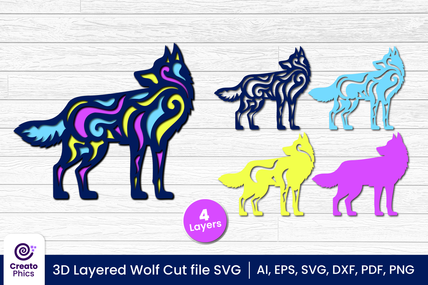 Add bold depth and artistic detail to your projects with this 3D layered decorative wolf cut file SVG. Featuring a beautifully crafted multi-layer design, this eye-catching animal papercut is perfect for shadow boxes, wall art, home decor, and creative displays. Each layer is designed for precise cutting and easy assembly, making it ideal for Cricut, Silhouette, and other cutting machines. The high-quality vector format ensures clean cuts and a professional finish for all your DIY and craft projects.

——

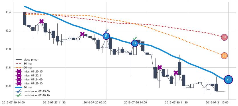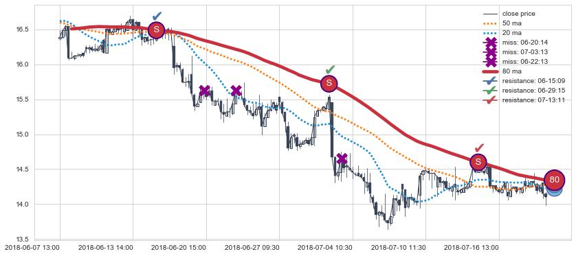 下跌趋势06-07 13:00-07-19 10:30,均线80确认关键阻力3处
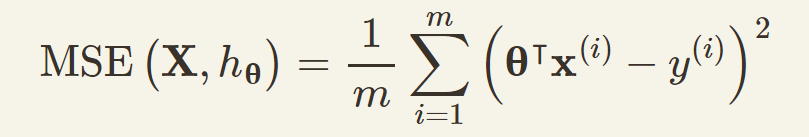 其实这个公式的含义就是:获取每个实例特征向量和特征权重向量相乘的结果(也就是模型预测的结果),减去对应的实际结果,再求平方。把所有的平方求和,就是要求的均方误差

——

*Exercise details*. For the data above, set down exactly the lines from the line with "下跌趋势06-07 13:00-07-19 10:30,均线80确认关键阻力3处" to the line with "其实这个公式的含义就是:获取", both included, leaving pictures out.

*Task answer*.
 下跌趋势06-07 13:00-07-19 10:30,均线80确认关键阻力3处
 其实这个公式的含义就是:获取每个实例特征向量和特征权重向量相乘的结果(也就是模型预测的结果),减去对应的实际结果,再求平方。把所有的平方求和,就是要求的均方误差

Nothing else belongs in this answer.